Nehass’s lawyer, Anik Morrow, was more critical about the announcement.

“I’d like to know more about, how long is this going to take? Is this another study?” she said in a phone interview from Toronto, noting that multiple volumes of evidence about shortcomings at the WCC have already been heard in court.

“What happened here is not something that is suitable to an inspection. It is not about the physical plant. It’s about the people who didn’t know their job(s) and it’s about protocols and discretionary restraints to liberty that were imposed on an individual and he was kept in a room. Where are you going to go? You’re going to go look at the room and say, ‘Oh, it’s nice, it’s painted, it’s got a clean floor, it’s nine feet by eleven, it’s got a window, oh, this isn’t solitary because the UN makes reference to places with no windows, that’s not us?’”
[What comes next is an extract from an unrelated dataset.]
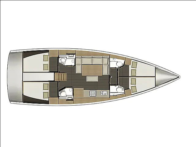 Great Dufour model, fully equipped, with 4 double cabins and 4 toilets, heating, a large cockpit with a bathing platform, and also with a fridge, grill, and sink in the cockpit. Taller mast with full batten main sail, 108% genoa, Full comfort, and high performance.

“It’s not about the room, it’s the fact that you have to stare at the same walls every day for two years and you’re being watched … every day through cameras and people are staring at you sleep as the walk by, shouting at you through a closed door and you’re left with your thoughts on a daily basis and you go nuts. That’s what it’s about.”

Although Morrow said there is a “tremendous, wonderful opportunity to do something,” it’s going to be crucial for the department of justice to keep to process transparent and meaningful by bringing in organizations such as the Elizabeth Fry Society, Yukon Human Rights Commission and B.C. Civil Liberties Association that have extensive knowledge of solitary confinement and other correctional facility issues.

“I think that in order for it to be credible and for this to be done once and to be done right and to be done efficiently, that the process of … choosing the inspector, having the inspector go in, I think that needs to be more collaborative and more transparent,” she said.